• What to produce: Exactly as written, transcribe the lines that run from the one containing "The ASICS Gel-Cumulus" to the end of the records below.

• Source data:
+++
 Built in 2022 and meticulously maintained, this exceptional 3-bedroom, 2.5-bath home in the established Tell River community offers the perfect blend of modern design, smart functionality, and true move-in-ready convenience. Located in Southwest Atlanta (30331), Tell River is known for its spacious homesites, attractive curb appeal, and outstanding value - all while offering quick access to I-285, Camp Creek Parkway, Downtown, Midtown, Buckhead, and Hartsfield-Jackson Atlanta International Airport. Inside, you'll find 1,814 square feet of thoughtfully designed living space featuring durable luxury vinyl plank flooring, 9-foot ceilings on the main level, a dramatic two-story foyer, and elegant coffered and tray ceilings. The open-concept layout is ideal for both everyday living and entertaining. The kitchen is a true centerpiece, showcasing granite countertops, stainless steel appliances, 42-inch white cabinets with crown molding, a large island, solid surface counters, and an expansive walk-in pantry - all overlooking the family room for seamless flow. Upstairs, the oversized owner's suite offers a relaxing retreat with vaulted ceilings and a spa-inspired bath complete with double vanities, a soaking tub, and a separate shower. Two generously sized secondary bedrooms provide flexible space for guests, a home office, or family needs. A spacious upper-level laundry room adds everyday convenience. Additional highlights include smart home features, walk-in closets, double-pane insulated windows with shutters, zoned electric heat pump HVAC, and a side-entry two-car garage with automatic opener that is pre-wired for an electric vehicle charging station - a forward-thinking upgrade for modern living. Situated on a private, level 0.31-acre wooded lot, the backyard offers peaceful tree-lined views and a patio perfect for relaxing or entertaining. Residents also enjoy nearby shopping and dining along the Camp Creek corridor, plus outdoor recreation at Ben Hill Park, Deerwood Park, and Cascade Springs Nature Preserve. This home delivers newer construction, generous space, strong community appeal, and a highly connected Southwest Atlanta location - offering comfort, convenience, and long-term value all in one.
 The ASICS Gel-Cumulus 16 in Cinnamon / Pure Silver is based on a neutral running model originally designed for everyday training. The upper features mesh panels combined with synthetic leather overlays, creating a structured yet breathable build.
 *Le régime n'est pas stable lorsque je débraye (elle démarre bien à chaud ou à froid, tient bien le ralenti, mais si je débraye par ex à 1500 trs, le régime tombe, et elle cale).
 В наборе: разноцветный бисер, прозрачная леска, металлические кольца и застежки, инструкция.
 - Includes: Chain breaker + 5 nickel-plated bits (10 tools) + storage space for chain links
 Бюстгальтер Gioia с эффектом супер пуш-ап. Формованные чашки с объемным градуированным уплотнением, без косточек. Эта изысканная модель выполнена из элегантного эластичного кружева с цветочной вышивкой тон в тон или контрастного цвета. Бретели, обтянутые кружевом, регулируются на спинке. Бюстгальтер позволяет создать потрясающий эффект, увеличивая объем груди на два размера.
+++
• Answer below:
 The ASICS Gel-Cumulus 16 in Cinnamon / Pure Silver is based on a neutral running model originally designed for everyday training. The upper features mesh panels combined with synthetic leather overlays, creating a structured yet breathable build.
 *Le régime n'est pas stable lorsque je débraye (elle démarre bien à chaud ou à froid, tient bien le ralenti, mais si je débraye par ex à 1500 trs, le régime tombe, et elle cale).
 В наборе: разноцветный бисер, прозрачная леска, металлические кольца и застежки, инструкция.
 - Includes: Chain breaker + 5 nickel-plated bits (10 tools) + storage space for chain links
 Бюстгальтер Gioia с эффектом супер пуш-ап. Формованные чашки с объемным градуированным уплотнением, без косточек. Эта изысканная модель выполнена из элегантного эластичного кружева с цветочной вышивкой тон в тон или контрастного цвета. Бретели, обтянутые кружевом, регулируются на спинке. Бюстгальтер позволяет создать потрясающий эффект, увеличивая объем груди на два размера.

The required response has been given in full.